Grazie ai progressi delle neuroscienze, il cervelletto e le sue funzioni non sono più un mistero: ecco cosa è stato scoperto
Il cervelletto contiene ¾ di tutti i neuroni del cervello e sorprendentemente, la sua struttura cellulare così come le sue funzioni sono diverse da qualsiasi altra parte del cervello. I neuroni sono organizzati con collegamenti simili a circuiti stampati in una disposizione quasi cristallina, in contrasto con il groviglio di cellule cerebrali altrove.
La funzione del cervelletto è quella di controllare il movimento del corpo. Non c’è dubbio che abbia questo compito, ma nuove ricerche stanno rivelando che fa molto di più. Di seguito, vediamo cosa hanno scoperto gli scienziati.
Da sempre ci hanno insegnato che le funzioni primarie del cervelletto sono controllare i movimenti del corpo, ma ora gli scienziati sospettano che questa visione sia incompleta. La connessione tra cervelletto e movimento è nota fin dal 19° secolo. Fu notato che i pazienti che avevano subito un trauma avevano evidenti difficoltà con l’equilibrio.
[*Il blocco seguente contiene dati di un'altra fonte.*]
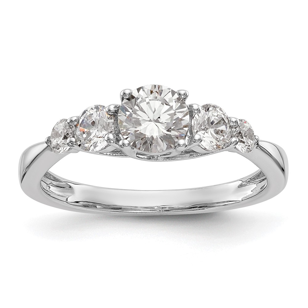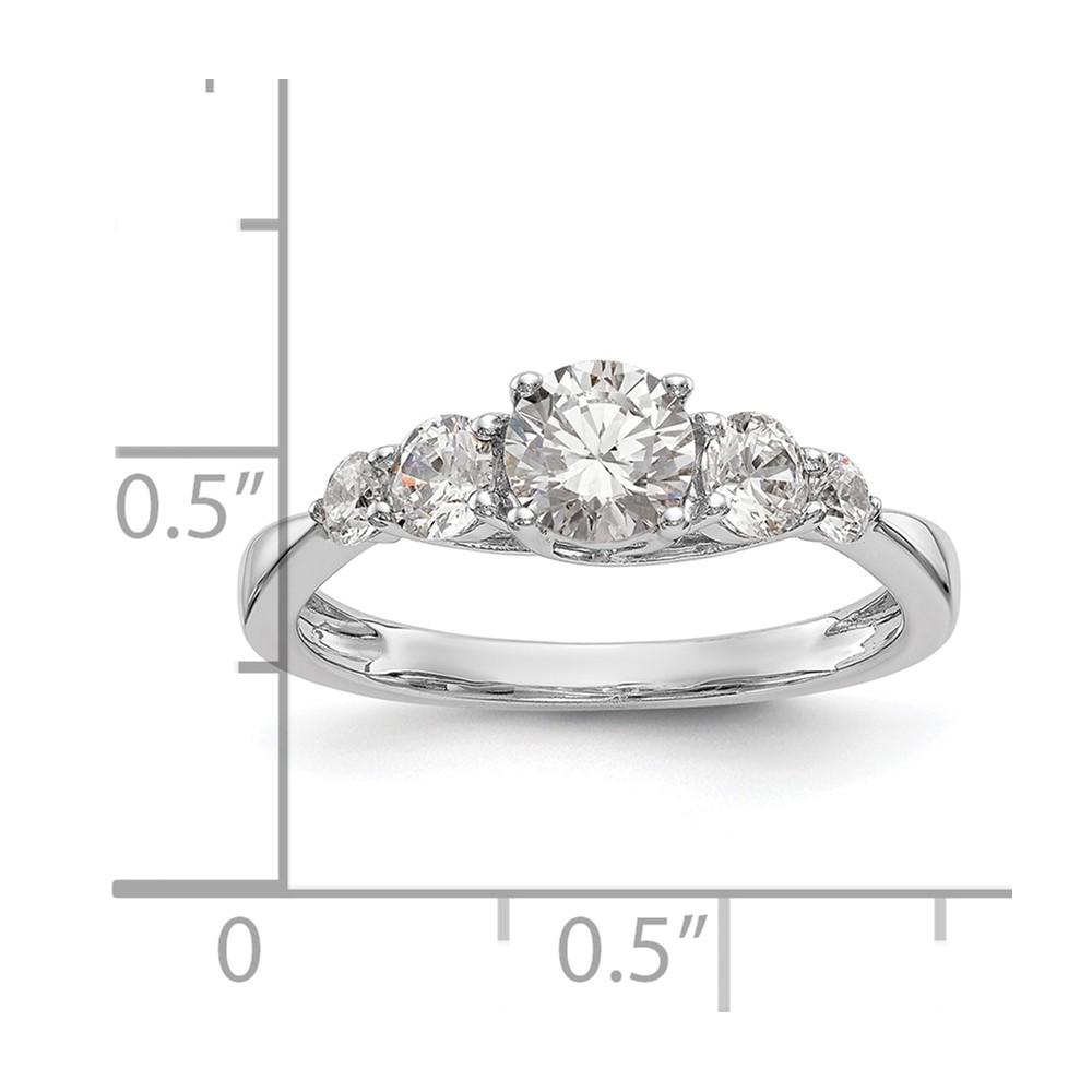 14K White Gold 5-Stone (Holds 1/2 carat (5.2mm) Round Center and (2-3.6/2-2.6) Round Sides) Engagement Ring Mounting

Dunque, non c’erano dubbi sul fatto che fosse fondamentale per la coordinazione.
Nel corso dei decenni, i neuroscienziati hanno dettagliatamente descritto come i circuiti neurali del cervelletto controllino la funzione motoria. Decenni fa, quando i neuroanatomisti mapparono il cervello, non riuscirono a trovare alcuna connessione diretta tra il cervelletto e le regioni cerebrali che controllano le emozioni e la cognizione, come il sistema limbico e la corteccia prefrontale.
Ciò li ha portati a credere che il cervelletto fosse in qualche modo isolato e non coinvolto in queste funzioni cognitive superiori. Tuttavia nuovi e rivoluzionari studi dimostrano che oltre a controllare il movimento, il cervelletto regola comportamenti sociali ed emotivi complessi. Jessica Verpeut dell’Arizona State University ha riportato dati che descrivono l’intricata ed estesa rete di connessioni che si attivano in tutto il cervello nei topi quando socializzano.
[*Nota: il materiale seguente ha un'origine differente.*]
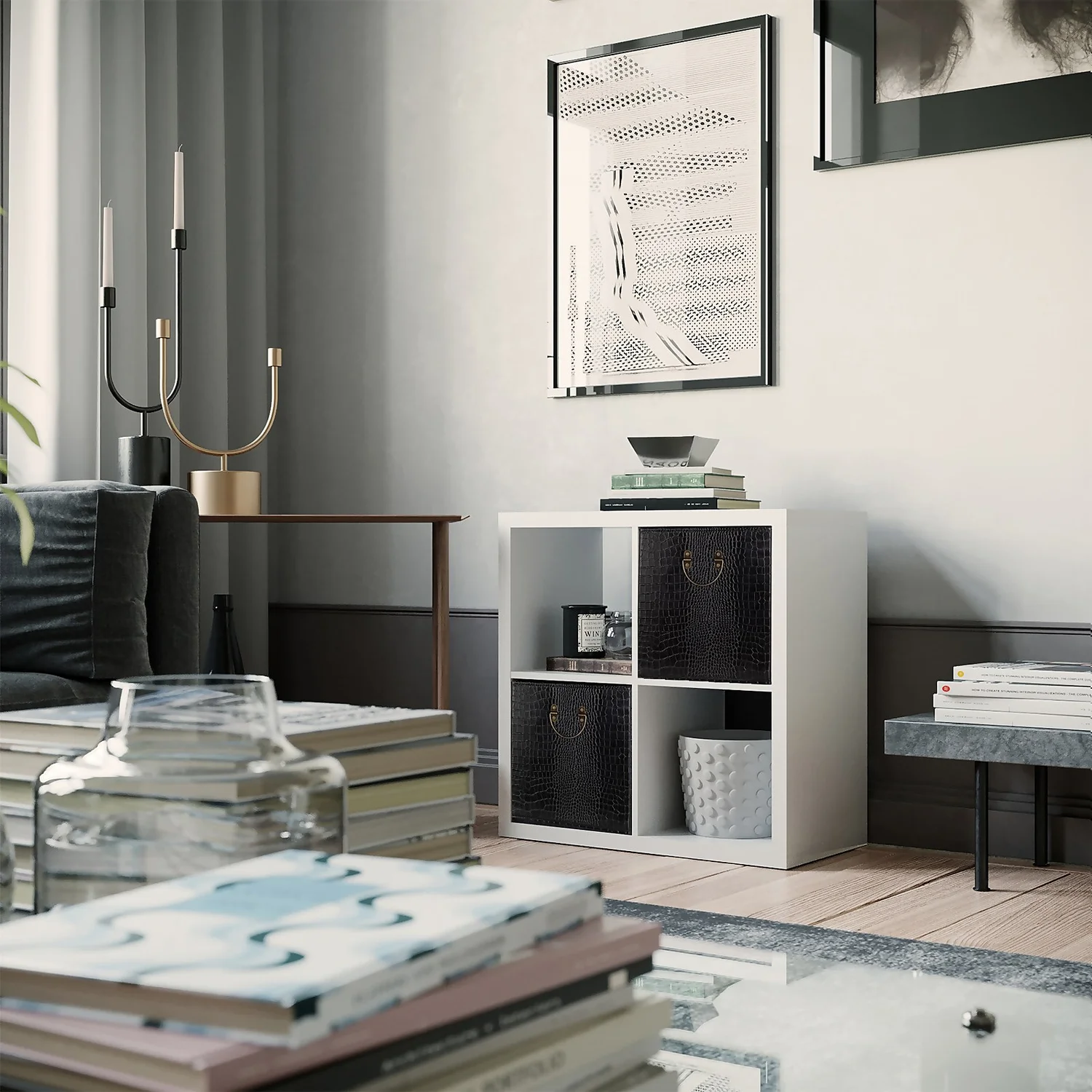This Insert features a black, faux croc leather feel with metal handles for easy sliding or movement. Made with a premium construction, you can use this Insert alone, on shelves or with a Clever Cube unit; they are as good-looking as they are functional.

Yi-Mei Yang dell’Università del Minnesota ha dimostrato che quando interrompeva alcuni neuroni celebrali, i topi perdevano interesse nell’interagire con i loro simili non familiari introdotti nella loro gabbia. Tuttavia, non hanno avuto difficoltà a interagire e a ricordare nuovi oggetti inanimati. Ciò indicava un deficit nella complessa memoria di riconoscimento sociale, simile a ciò che sperimentano le persone autistiche.
Infatti, il cervelletto è spesso più piccolo nelle persone autistiche. Aleksandra Badura dell’Erasmus University Medical Center di Rotterdam ha presentato nuovi studi che suggeriscono che il cervelletto è coinvolto nell’autismo. Questo perché è un centro di input sensoriali, soprattutto per i segnali legati ai contesti sociali. Questa nuova ricerca va oltre gli studi sui topi ed è efficace nel dimostrare che questa parte del cervello non sia legata al solo movimento.